Give all of the data again exactly as written, omitting every image.

Provided material
───

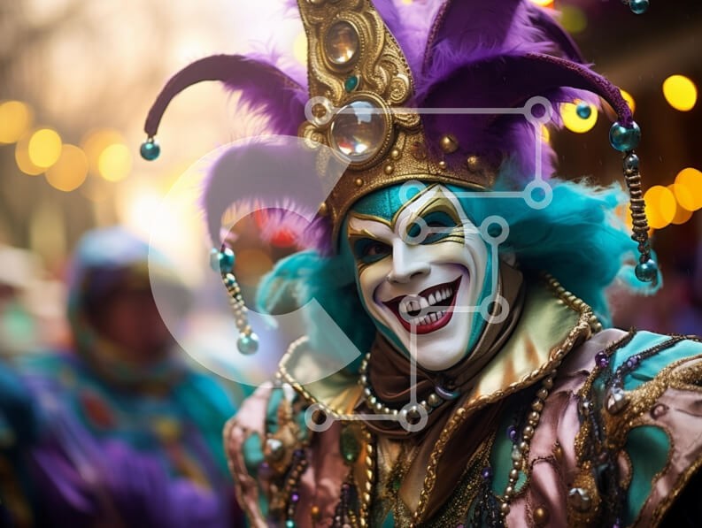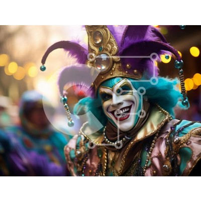 Υπάρχει δυνατότητα προσωποποίησης με δική σας φωτογραφία και προσαρμογής διαστάσεων κατόπιν παραγγελίας. Το συγεκεριμενο Puzzle 10x10 cm – 25 κομμ παρουσιαζει Αυτή η εικόνα παρουσιάζει ένα άτομο με περίτεχνη αποκριάτικη ενδυμασία, που επιδεικνύει μια ζωντανή μάσκα στολισμένη με φτερά και κοσμήματα. Το άτομο χαμογελά πλατιά, αποπνέει χαρά και γλέντι τυπικά μιας αποκριάτικης γιορτής. Το φόντο είναι
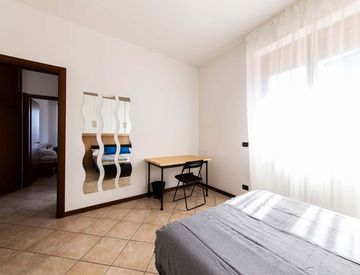 Ampia e luminosa stanza ad uso singolo con letto matrimoniale, situata in appartamento recentemente rinnovato composto in totale da 4 stanze da letto, cucina, 1 bagno e un bagno di servizio.
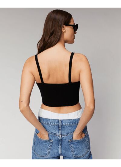 Effet seconde peau et coupe ajustée pour ce top brassière en maille côtelée. Muni de fines bretelles, il dévoile un décolleté cœur. Essentiel du vestiaire féminin, il se porte seul ou en superposition.
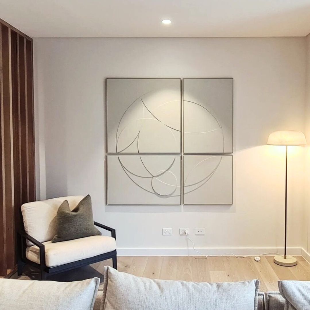 ‘New Moon’ is a sculptural four-panel composition that draws from the moon’s quiet power — symbolic of renewal, feminine energy, and emotional rhythm.

───

Your response
 Υπάρχει δυνατότητα προσωποποίησης με δική σας φωτογραφία και προσαρμογής διαστάσεων κατόπιν παραγγελίας. Το συγεκεριμενο Puzzle 10x10 cm – 25 κομμ παρουσιαζει Αυτή η εικόνα παρουσιάζει ένα άτομο με περίτεχνη αποκριάτικη ενδυμασία, που επιδεικνύει μια ζωντανή μάσκα στολισμένη με φτερά και κοσμήματα. Το άτομο χαμογελά πλατιά, αποπνέει χαρά και γλέντι τυπικά μιας αποκριάτικης γιορτής. Το φόντο είναι
 Ampia e luminosa stanza ad uso singolo con letto matrimoniale, situata in appartamento recentemente rinnovato composto in totale da 4 stanze da letto, cucina, 1 bagno e un bagno di servizio.
 Effet seconde peau et coupe ajustée pour ce top brassière en maille côtelée. Muni de fines bretelles, il dévoile un décolleté cœur. Essentiel du vestiaire féminin, il se porte seul ou en superposition.
 ‘New Moon’ is a sculptural four-panel composition that draws from the moon’s quiet power — symbolic of renewal, feminine energy, and emotional rhythm.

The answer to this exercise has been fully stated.